### Task objective
Your task is to restate every entry below word for word and omit the images.

BEGIN

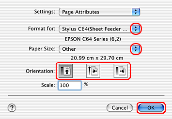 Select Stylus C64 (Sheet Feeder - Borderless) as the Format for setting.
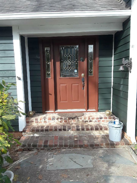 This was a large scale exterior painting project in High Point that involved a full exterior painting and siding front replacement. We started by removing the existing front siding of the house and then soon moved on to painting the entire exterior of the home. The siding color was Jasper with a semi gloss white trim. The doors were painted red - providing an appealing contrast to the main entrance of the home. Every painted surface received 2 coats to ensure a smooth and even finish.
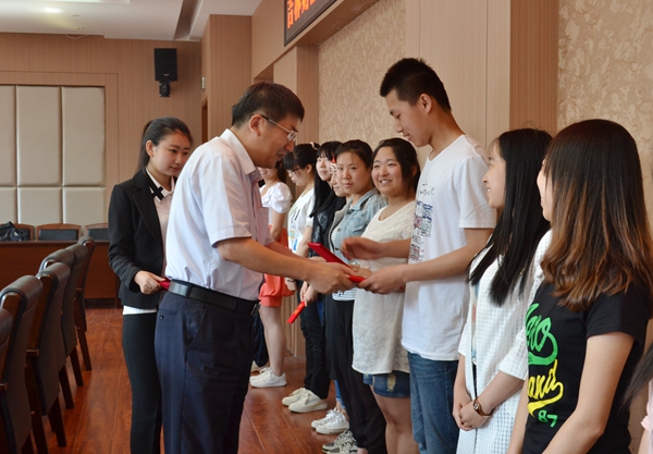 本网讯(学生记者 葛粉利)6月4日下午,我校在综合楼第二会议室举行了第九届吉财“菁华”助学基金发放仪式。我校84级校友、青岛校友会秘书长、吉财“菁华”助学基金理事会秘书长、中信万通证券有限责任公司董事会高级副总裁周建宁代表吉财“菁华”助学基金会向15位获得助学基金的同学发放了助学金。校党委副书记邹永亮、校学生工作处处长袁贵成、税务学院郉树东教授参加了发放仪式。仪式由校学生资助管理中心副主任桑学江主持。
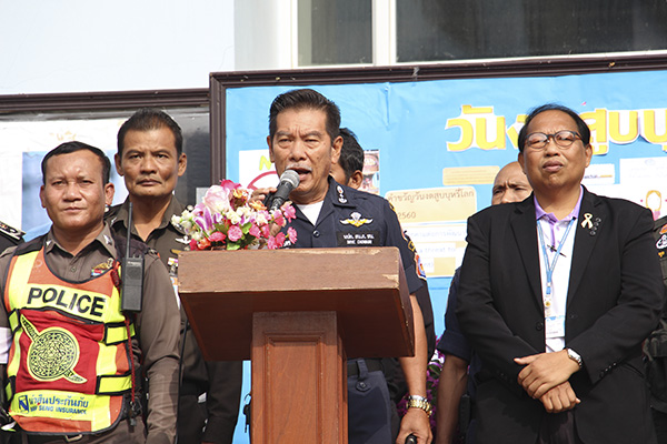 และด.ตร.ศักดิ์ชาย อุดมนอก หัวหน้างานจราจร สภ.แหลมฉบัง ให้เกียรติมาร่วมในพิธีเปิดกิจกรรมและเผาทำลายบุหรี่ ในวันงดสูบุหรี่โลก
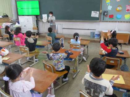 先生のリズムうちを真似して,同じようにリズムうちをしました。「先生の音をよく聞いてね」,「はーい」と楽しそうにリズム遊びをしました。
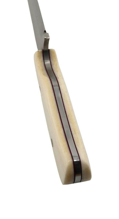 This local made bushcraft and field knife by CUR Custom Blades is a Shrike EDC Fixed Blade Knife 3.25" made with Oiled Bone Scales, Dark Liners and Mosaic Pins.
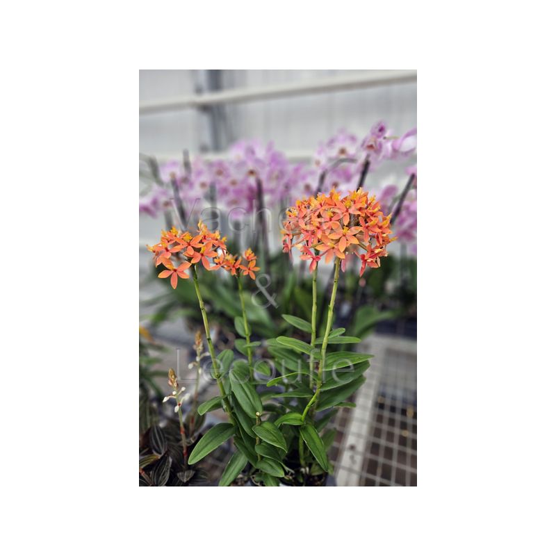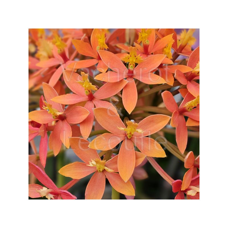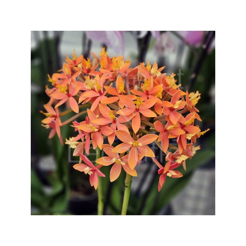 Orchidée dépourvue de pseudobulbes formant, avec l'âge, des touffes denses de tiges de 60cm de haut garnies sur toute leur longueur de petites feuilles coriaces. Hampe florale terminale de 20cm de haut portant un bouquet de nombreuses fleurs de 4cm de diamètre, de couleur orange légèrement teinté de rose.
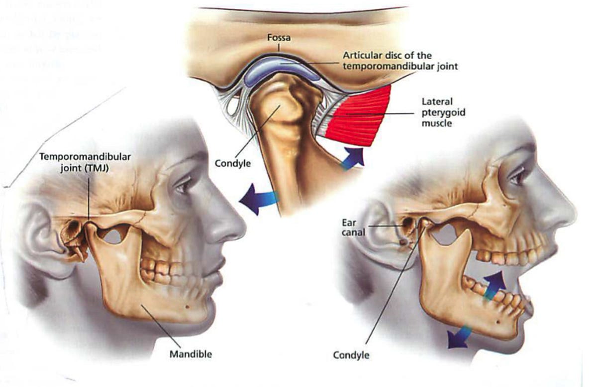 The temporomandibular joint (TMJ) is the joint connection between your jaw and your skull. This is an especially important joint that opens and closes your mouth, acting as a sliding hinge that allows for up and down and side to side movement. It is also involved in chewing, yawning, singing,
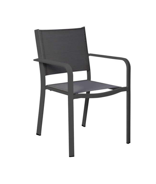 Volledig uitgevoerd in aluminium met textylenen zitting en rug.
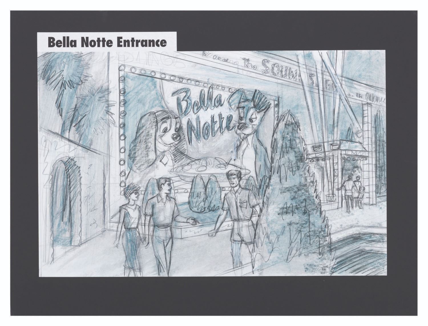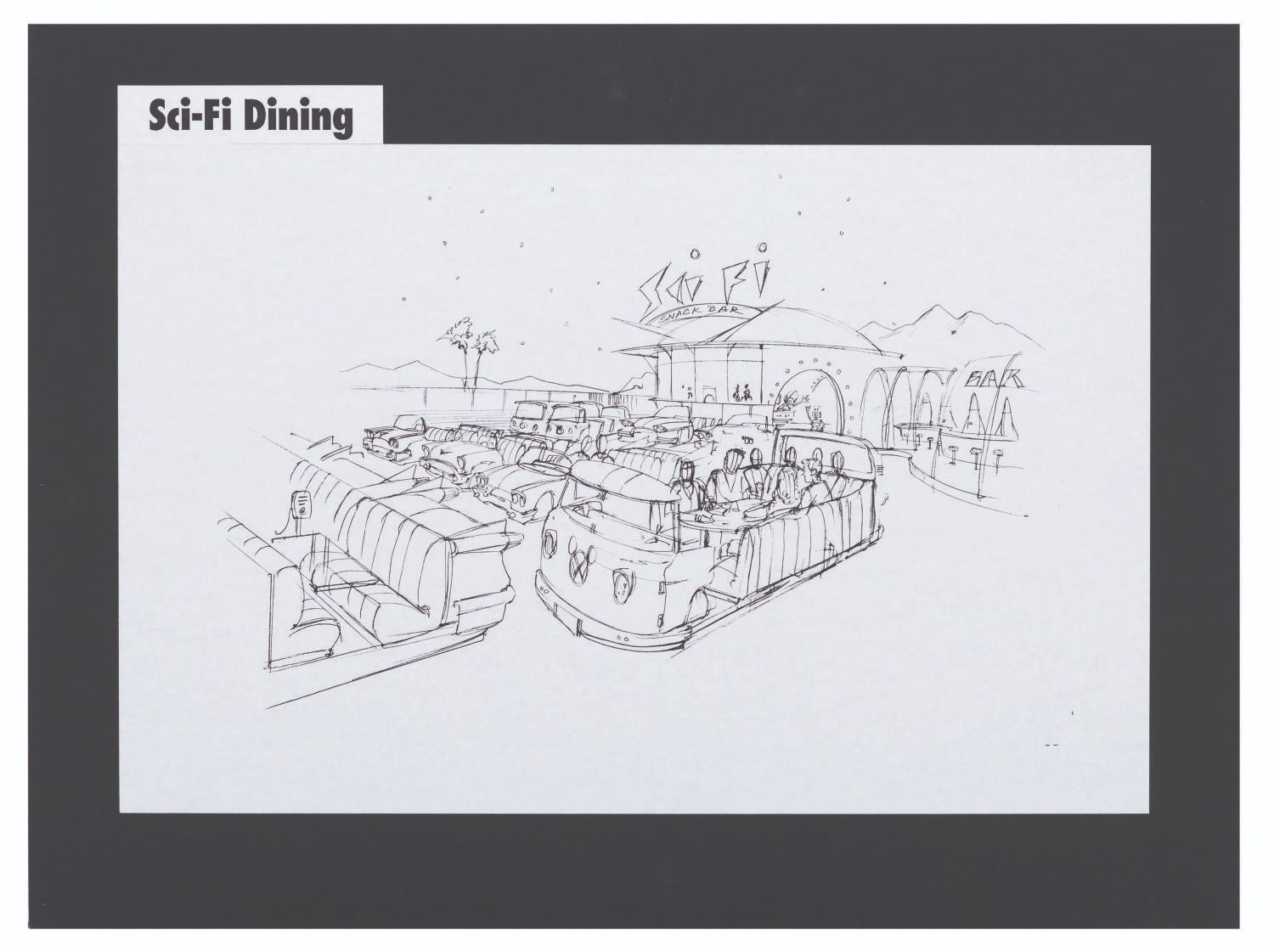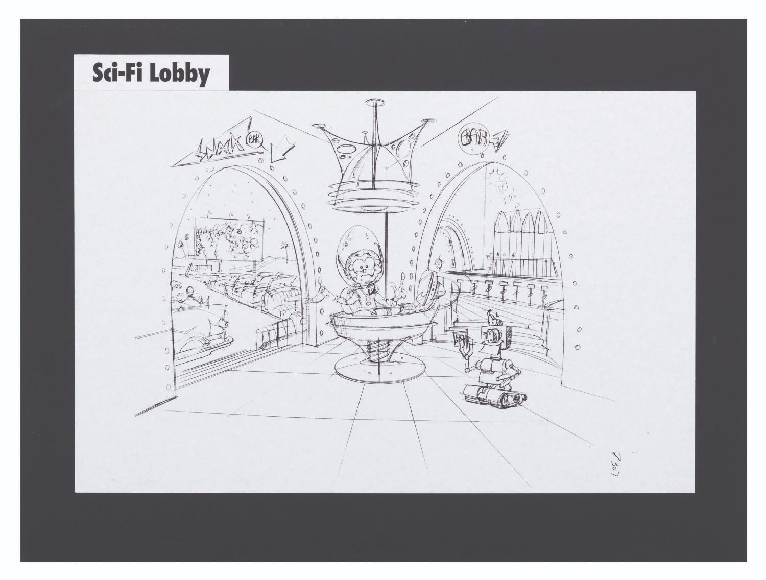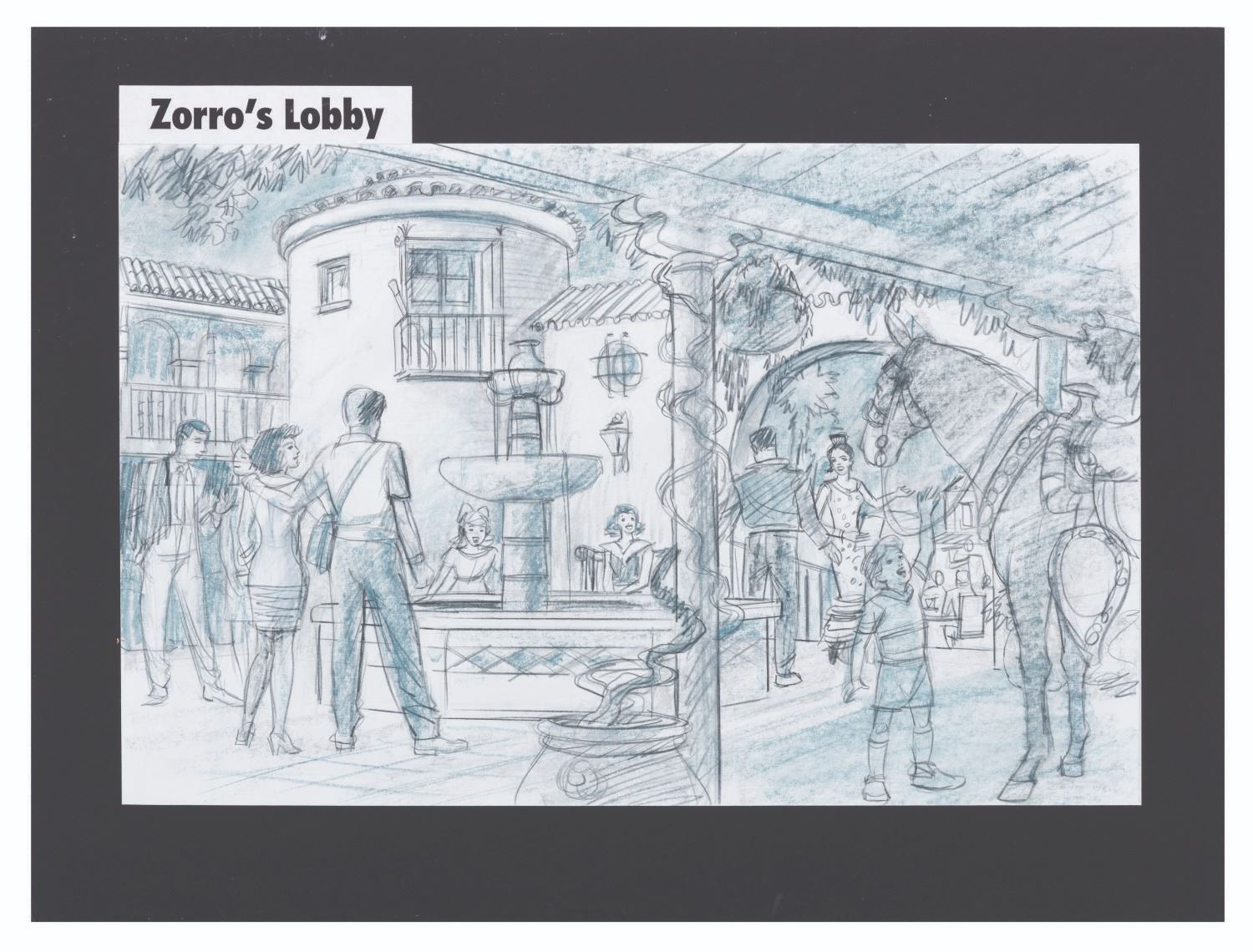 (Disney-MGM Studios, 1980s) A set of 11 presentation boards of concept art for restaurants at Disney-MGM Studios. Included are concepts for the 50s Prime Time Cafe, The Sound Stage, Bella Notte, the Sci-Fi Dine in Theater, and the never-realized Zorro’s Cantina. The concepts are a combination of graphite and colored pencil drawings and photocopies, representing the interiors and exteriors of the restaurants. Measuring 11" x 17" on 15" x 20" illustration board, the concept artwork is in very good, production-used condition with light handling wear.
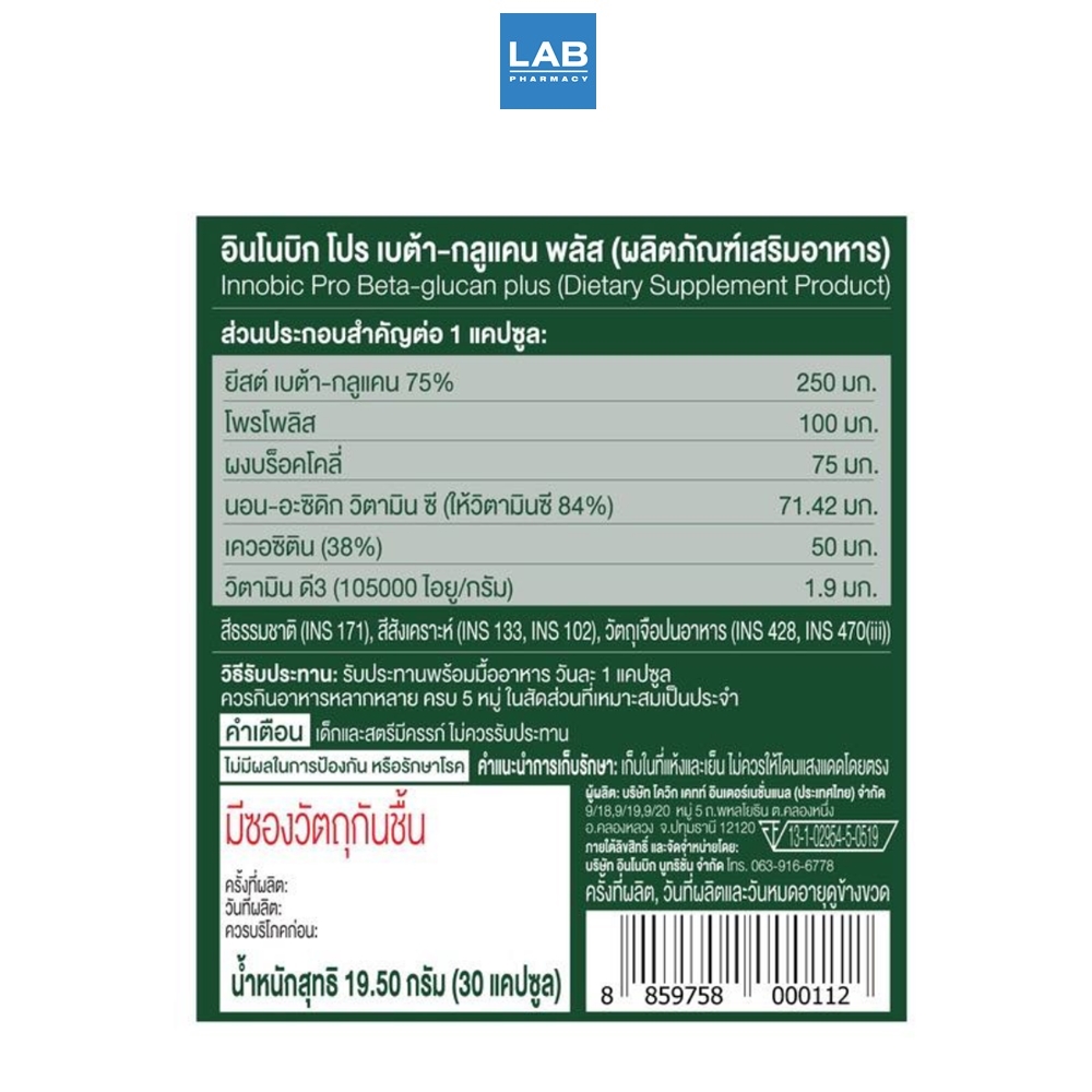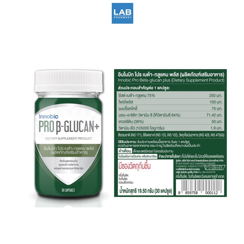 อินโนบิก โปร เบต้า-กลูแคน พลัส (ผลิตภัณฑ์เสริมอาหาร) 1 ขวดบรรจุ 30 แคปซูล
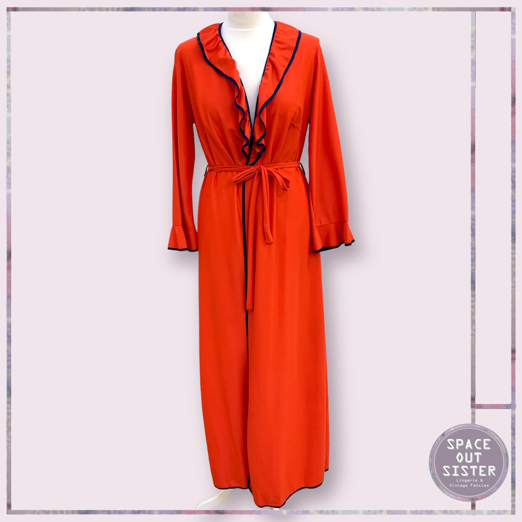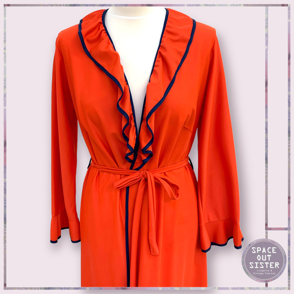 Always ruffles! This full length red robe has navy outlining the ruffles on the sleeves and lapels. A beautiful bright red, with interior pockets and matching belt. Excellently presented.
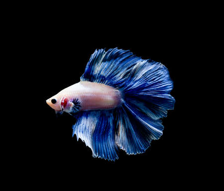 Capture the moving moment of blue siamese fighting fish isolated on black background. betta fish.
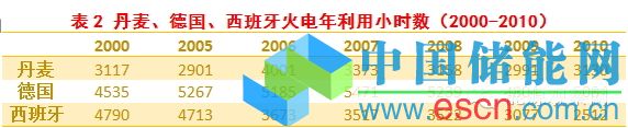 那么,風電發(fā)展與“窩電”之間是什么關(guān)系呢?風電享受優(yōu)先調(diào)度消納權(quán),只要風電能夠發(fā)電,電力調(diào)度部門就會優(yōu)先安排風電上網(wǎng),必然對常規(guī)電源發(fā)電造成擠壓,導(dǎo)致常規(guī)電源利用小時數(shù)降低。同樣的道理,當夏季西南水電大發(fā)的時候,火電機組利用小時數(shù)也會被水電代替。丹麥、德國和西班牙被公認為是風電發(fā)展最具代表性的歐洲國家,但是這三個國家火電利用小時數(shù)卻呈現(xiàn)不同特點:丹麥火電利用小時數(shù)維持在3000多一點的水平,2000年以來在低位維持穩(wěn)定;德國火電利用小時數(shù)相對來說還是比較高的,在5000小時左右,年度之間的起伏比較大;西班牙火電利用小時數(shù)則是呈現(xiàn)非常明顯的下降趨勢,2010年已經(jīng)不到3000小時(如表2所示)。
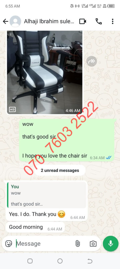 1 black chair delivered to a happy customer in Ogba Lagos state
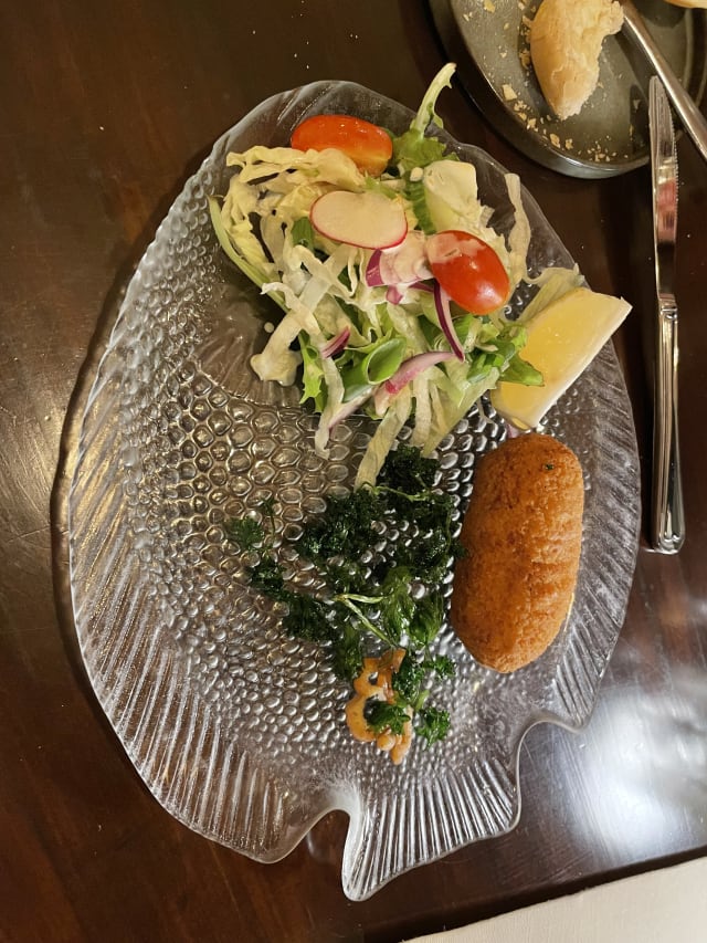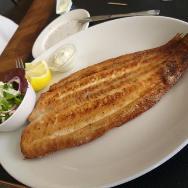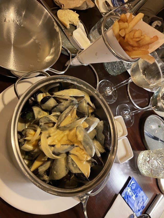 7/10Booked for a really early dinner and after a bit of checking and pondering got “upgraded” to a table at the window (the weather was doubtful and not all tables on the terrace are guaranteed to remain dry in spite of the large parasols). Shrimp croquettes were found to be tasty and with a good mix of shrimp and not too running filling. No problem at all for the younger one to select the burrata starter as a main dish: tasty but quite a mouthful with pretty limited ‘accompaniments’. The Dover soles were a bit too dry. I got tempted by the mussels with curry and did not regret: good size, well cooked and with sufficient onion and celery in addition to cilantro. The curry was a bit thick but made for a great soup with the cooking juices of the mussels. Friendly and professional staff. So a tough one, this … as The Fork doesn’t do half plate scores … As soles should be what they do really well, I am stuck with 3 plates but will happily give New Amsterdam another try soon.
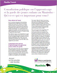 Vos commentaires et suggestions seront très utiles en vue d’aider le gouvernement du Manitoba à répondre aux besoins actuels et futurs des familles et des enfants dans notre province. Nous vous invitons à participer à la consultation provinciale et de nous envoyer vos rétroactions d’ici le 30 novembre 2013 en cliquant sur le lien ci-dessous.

END

### Output
 Select Stylus C64 (Sheet Feeder - Borderless) as the Format for setting.
 This was a large scale exterior painting project in High Point that involved a full exterior painting and siding front replacement. We started by removing the existing front siding of the house and then soon moved on to painting the entire exterior of the home. The siding color was Jasper with a semi gloss white trim. The doors were painted red - providing an appealing contrast to the main entrance of the home. Every painted surface received 2 coats to ensure a smooth and even finish.
 本网讯(学生记者 葛粉利)6月4日下午,我校在综合楼第二会议室举行了第九届吉财“菁华”助学基金发放仪式。我校84级校友、青岛校友会秘书长、吉财“菁华”助学基金理事会秘书长、中信万通证券有限责任公司董事会高级副总裁周建宁代表吉财“菁华”助学基金会向15位获得助学基金的同学发放了助学金。校党委副书记邹永亮、校学生工作处处长袁贵成、税务学院郉树东教授参加了发放仪式。仪式由校学生资助管理中心副主任桑学江主持。
 และด.ตร.ศักดิ์ชาย อุดมนอก หัวหน้างานจราจร สภ.แหลมฉบัง ให้เกียรติมาร่วมในพิธีเปิดกิจกรรมและเผาทำลายบุหรี่ ในวันงดสูบุหรี่โลก
 先生のリズムうちを真似して,同じようにリズムうちをしました。「先生の音をよく聞いてね」,「はーい」と楽しそうにリズム遊びをしました。
 This local made bushcraft and field knife by CUR Custom Blades is a Shrike EDC Fixed Blade Knife 3.25" made with Oiled Bone Scales, Dark Liners and Mosaic Pins.
 Orchidée dépourvue de pseudobulbes formant, avec l'âge, des touffes denses de tiges de 60cm de haut garnies sur toute leur longueur de petites feuilles coriaces. Hampe florale terminale de 20cm de haut portant un bouquet de nombreuses fleurs de 4cm de diamètre, de couleur orange légèrement teinté de rose.
 The temporomandibular joint (TMJ) is the joint connection between your jaw and your skull. This is an especially important joint that opens and closes your mouth, acting as a sliding hinge that allows for up and down and side to side movement. It is also involved in chewing, yawning, singing,
 Volledig uitgevoerd in aluminium met textylenen zitting en rug.
 (Disney-MGM Studios, 1980s) A set of 11 presentation boards of concept art for restaurants at Disney-MGM Studios. Included are concepts for the 50s Prime Time Cafe, The Sound Stage, Bella Notte, the Sci-Fi Dine in Theater, and the never-realized Zorro’s Cantina. The concepts are a combination of graphite and colored pencil drawings and photocopies, representing the interiors and exteriors of the restaurants. Measuring 11" x 17" on 15" x 20" illustration board, the concept artwork is in very good, production-used condition with light handling wear.
 อินโนบิก โปร เบต้า-กลูแคน พลัส (ผลิตภัณฑ์เสริมอาหาร) 1 ขวดบรรจุ 30 แคปซูล
 Always ruffles! This full length red robe has navy outlining the ruffles on the sleeves and lapels. A beautiful bright red, with interior pockets and matching belt. Excellently presented.
 Capture the moving moment of blue siamese fighting fish isolated on black background. betta fish.
 那么,風電發(fā)展與“窩電”之間是什么關(guān)系呢?風電享受優(yōu)先調(diào)度消納權(quán),只要風電能夠發(fā)電,電力調(diào)度部門就會優(yōu)先安排風電上網(wǎng),必然對常規(guī)電源發(fā)電造成擠壓,導(dǎo)致常規(guī)電源利用小時數(shù)降低。同樣的道理,當夏季西南水電大發(fā)的時候,火電機組利用小時數(shù)也會被水電代替。丹麥、德國和西班牙被公認為是風電發(fā)展最具代表性的歐洲國家,但是這三個國家火電利用小時數(shù)卻呈現(xiàn)不同特點:丹麥火電利用小時數(shù)維持在3000多一點的水平,2000年以來在低位維持穩(wěn)定;德國火電利用小時數(shù)相對來說還是比較高的,在5000小時左右,年度之間的起伏比較大;西班牙火電利用小時數(shù)則是呈現(xiàn)非常明顯的下降趨勢,2010年已經(jīng)不到3000小時(如表2所示)。
 1 black chair delivered to a happy customer in Ogba Lagos state
 7/10Booked for a really early dinner and after a bit of checking and pondering got “upgraded” to a table at the window (the weather was doubtful and not all tables on the terrace are guaranteed to remain dry in spite of the large parasols). Shrimp croquettes were found to be tasty and with a good mix of shrimp and not too running filling. No problem at all for the younger one to select the burrata starter as a main dish: tasty but quite a mouthful with pretty limited ‘accompaniments’. The Dover soles were a bit too dry. I got tempted by the mussels with curry and did not regret: good size, well cooked and with sufficient onion and celery in addition to cilantro. The curry was a bit thick but made for a great soup with the cooking juices of the mussels. Friendly and professional staff. So a tough one, this … as The Fork doesn’t do half plate scores … As soles should be what they do really well, I am stuck with 3 plates but will happily give New Amsterdam another try soon.
 Vos commentaires et suggestions seront très utiles en vue d’aider le gouvernement du Manitoba à répondre aux besoins actuels et futurs des familles et des enfants dans notre province. Nous vous invitons à participer à la consultation provinciale et de nous envoyer vos rétroactions d’ici le 30 novembre 2013 en cliquant sur le lien ci-dessous.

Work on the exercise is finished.